> _TASK_
Beginning with the line that holds "Ambassadrice de bleuet" and finishing with the line that holds "支持触发的阶段不含Offer", repeat the listing exactly, leaving every picture out.

> _EXERCISE DATA_

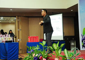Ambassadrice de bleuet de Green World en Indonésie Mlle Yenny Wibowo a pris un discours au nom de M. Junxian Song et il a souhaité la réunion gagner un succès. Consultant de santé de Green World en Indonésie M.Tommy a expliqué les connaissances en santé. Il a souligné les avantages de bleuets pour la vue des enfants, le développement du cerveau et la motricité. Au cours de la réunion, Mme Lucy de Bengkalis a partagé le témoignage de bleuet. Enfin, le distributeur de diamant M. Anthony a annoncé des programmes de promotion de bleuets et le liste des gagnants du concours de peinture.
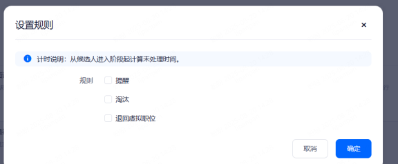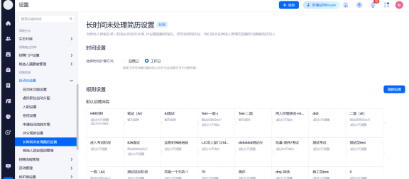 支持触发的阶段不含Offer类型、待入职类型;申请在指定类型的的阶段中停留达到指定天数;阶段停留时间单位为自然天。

* * *

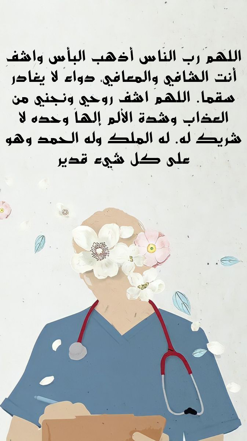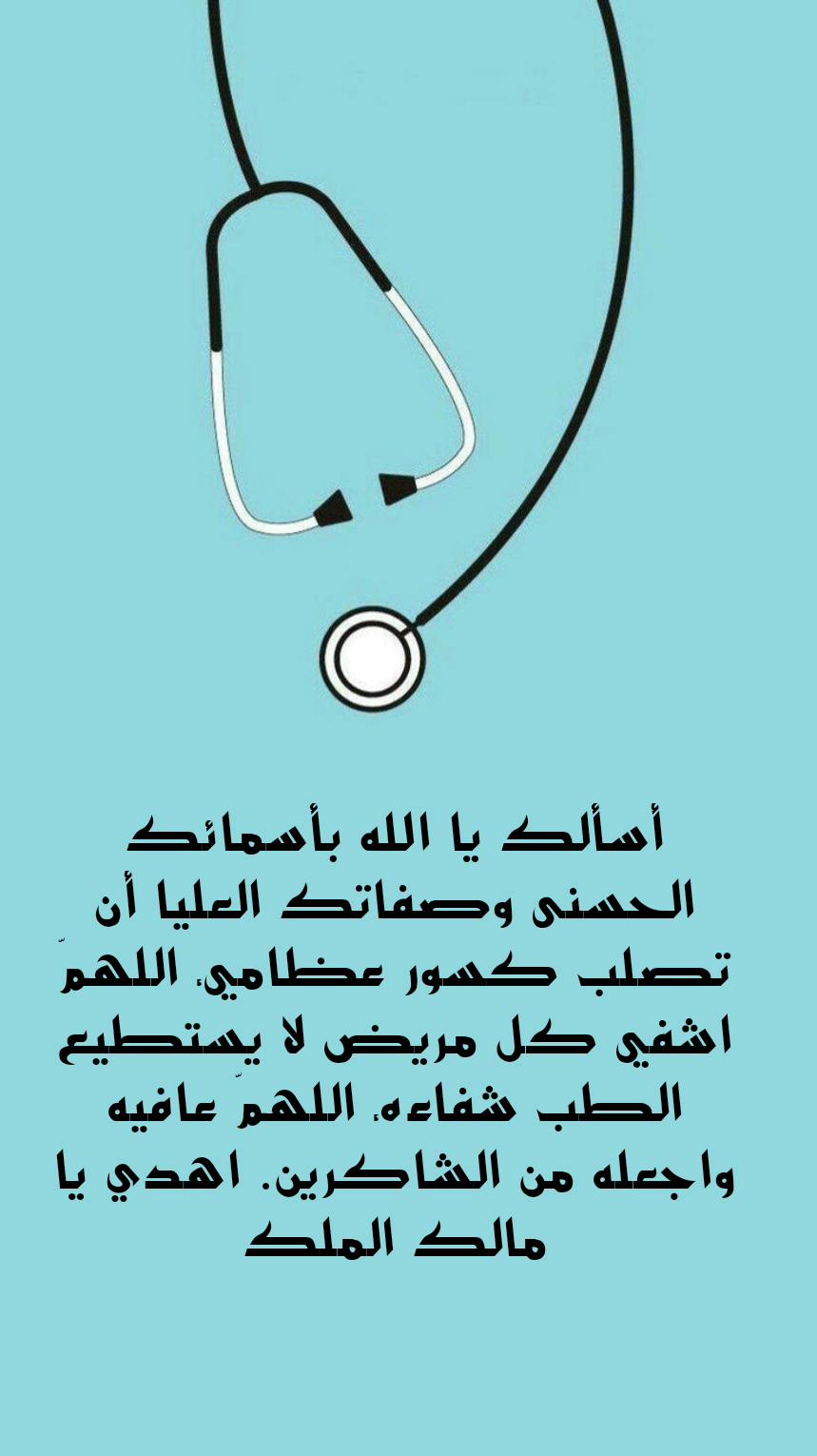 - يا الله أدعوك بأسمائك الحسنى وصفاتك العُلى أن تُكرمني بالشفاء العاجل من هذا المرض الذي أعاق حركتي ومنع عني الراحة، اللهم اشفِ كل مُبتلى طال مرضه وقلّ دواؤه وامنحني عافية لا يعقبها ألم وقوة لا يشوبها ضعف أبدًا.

> _EXERCISE RESULT_
Ambassadrice de bleuet de Green World en Indonésie Mlle Yenny Wibowo a pris un discours au nom de M. Junxian Song et il a souhaité la réunion gagner un succès. Consultant de santé de Green World en Indonésie M.Tommy a expliqué les connaissances en santé. Il a souligné les avantages de bleuets pour la vue des enfants, le développement du cerveau et la motricité. Au cours de la réunion, Mme Lucy de Bengkalis a partagé le témoignage de bleuet. Enfin, le distributeur de diamant M. Anthony a annoncé des programmes de promotion de bleuets et le liste des gagnants du concours de peinture.
 支持触发的阶段不含Offer类型、待入职类型;申请在指定类型的的阶段中停留达到指定天数;阶段停留时间单位为自然天。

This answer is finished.